# Want to buy "BELKIN N300 F9J1002ZB WIFI MODEM ROUTER"?   REVIEWS PLEASE................!!



## Nikhil Jain (Mar 22, 2013)

GUYS,

I want to buy the above modem +  router for *my MTNL connection.*

If somebody has used it or knows about it, can you tell me should I go for it or not?

This one :- 
Belkin N300 Wireless N Modem - Belkin: Flipkart.com

Aur kitne mein aa jayega

Thanks


----------



## whitestar_999 (Mar 22, 2013)

get this which is cheaper & better:
TP-LINK TD-W8961ND 300Mbps ADSL2+ Wireless with ModemRouter - TP-LINK: Flipkart.com


----------



## gcbeldar (Mar 23, 2013)

+1 for TpLink
I bought for one of my friend. Excellent features and UI.


----------



## Nikhil Jain (Mar 25, 2013)

NO price wise Iam getting this Belkin router for Rs. 1650/- only.

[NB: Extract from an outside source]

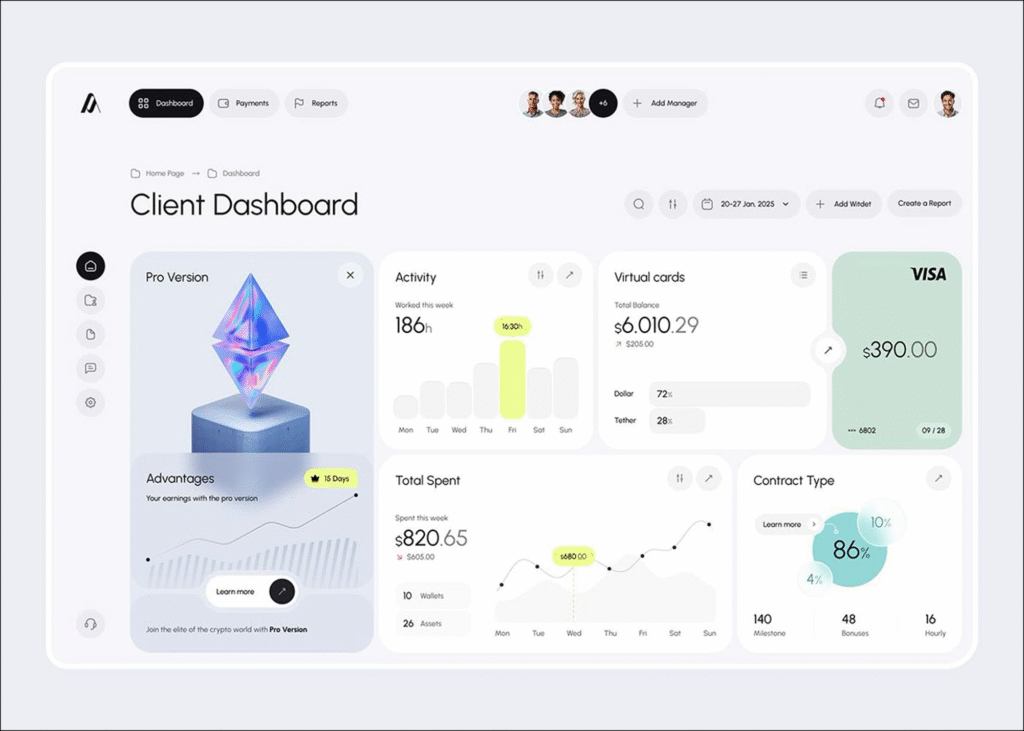 تصميم لوحات تحكم نظيفة، منظمة، وتفاعلية.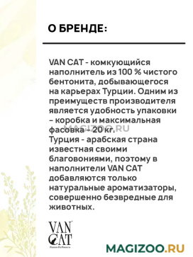 VAN CAT - комкующийся наполнитель из 100 % чистого бентонита, добывающегося на карьерах Турции. Одним из преимуществ производителя является удобность упаковки – коробка и максимальная фасовка – 20 кг.

So is this good and moreso Is it compatible....White*!!
Thanks anyways


----------



## whitestar_999 (Mar 25, 2013)

all adsl modems are OS independent so no question of incompatibility.as for quality i don't know but i would rather save 400 more & buy tp-link 2 weeks later than getting a belkin today.


----------



## shreymittal (Mar 25, 2013)

+1 for TP-LINK best buy under 2k you won't regret.


----------